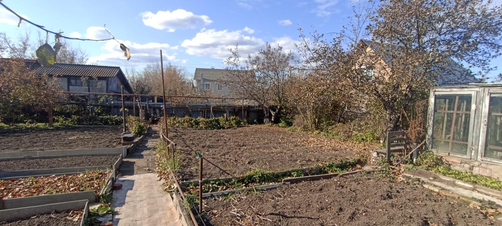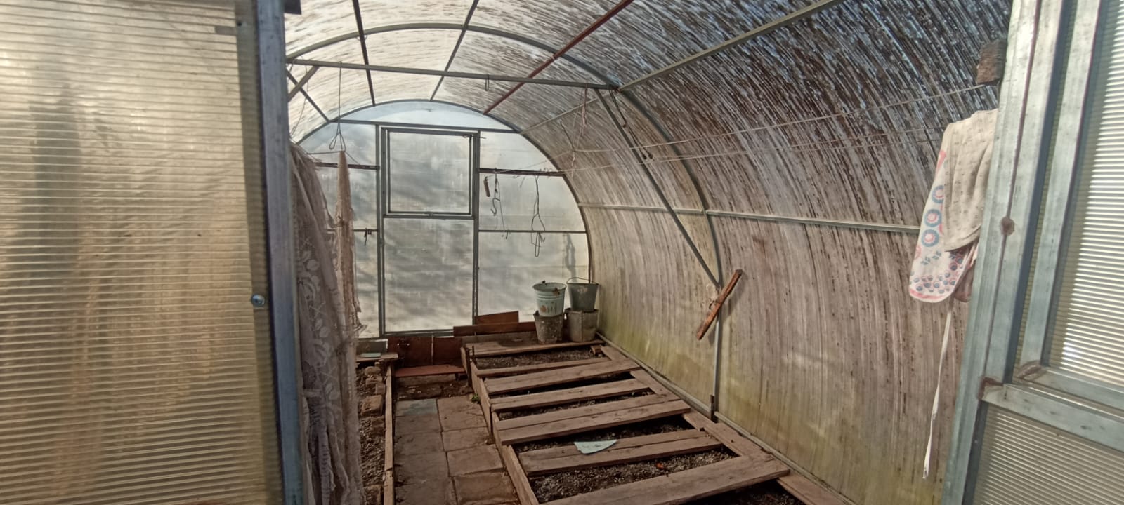 На участке 6,53 сот. надворные постройки, старенькая баня в рабочем состоянии, чистая и жаркая. Участок ровный, сухой. Много плодовых деревьев и кустарников, ухоженный огород.
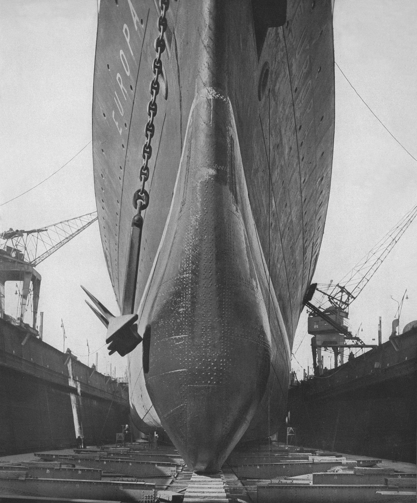 Fritz Block: Hamburg, Turbinendampfer Europa im Schwimmdock der Werft Blohm & Voss, 1929 (© Deutsche Fotothek / Fritz Block)
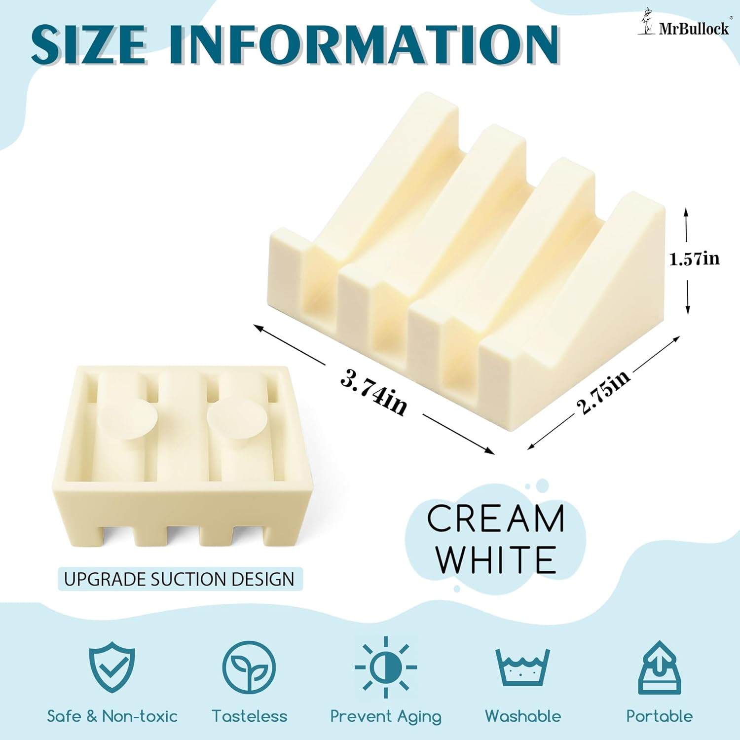 Silicone Soap Dish with Drain, Upgrade Double Suction Cups at The Bottom for Anti-Slip and Stability, Soap Dish Shower Waterfall Bar Soap Holder Tray with Drain Soap Holder (4, CreamWhite)
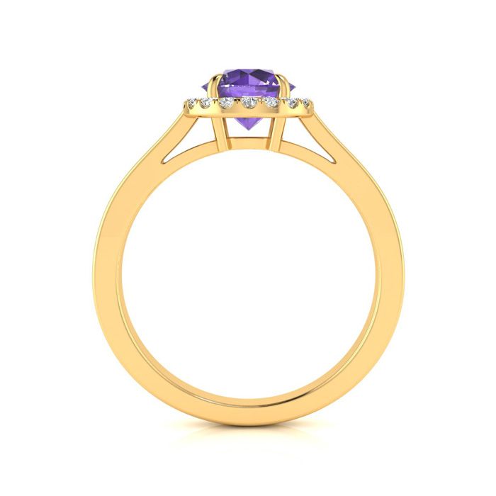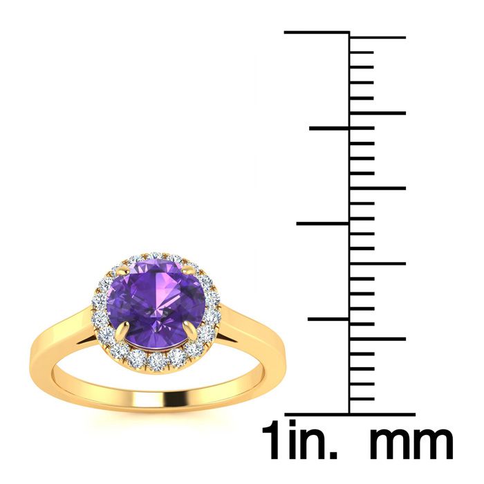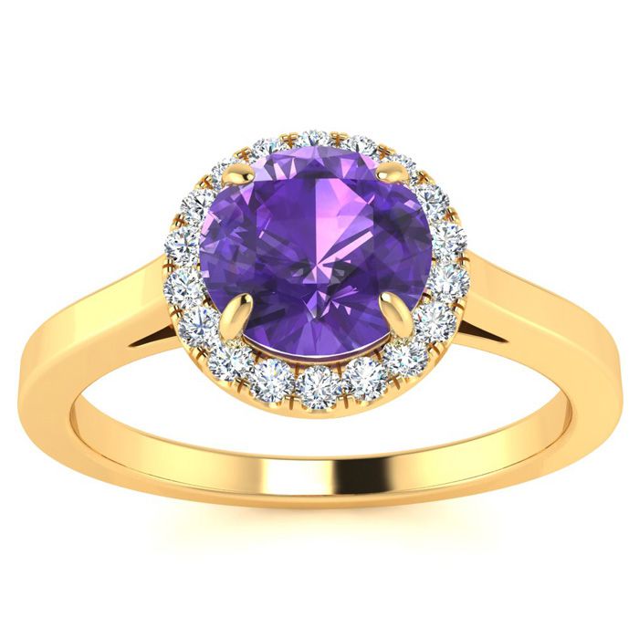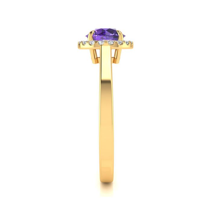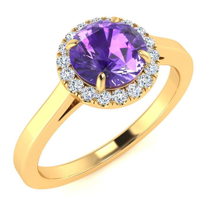 3/4 Carat Round Shape Amethyst and Halo Diamond Ring In 14 Karat Yellow Gold

===

#### DIRECTIONS
Give back exactly the lines from the opening of the listing through the line holding "Fritz Block: Hamburg, Turbinendampfer", both ends included, with every picture omitted.

#### WRITTEN SOLUTION
 На участке 6,53 сот. надворные постройки, старенькая баня в рабочем состоянии, чистая и жаркая. Участок ровный, сухой. Много плодовых деревьев и кустарников, ухоженный огород.
 Fritz Block: Hamburg, Turbinendampfer Europa im Schwimmdock der Werft Blohm & Voss, 1929 (© Deutsche Fotothek / Fritz Block)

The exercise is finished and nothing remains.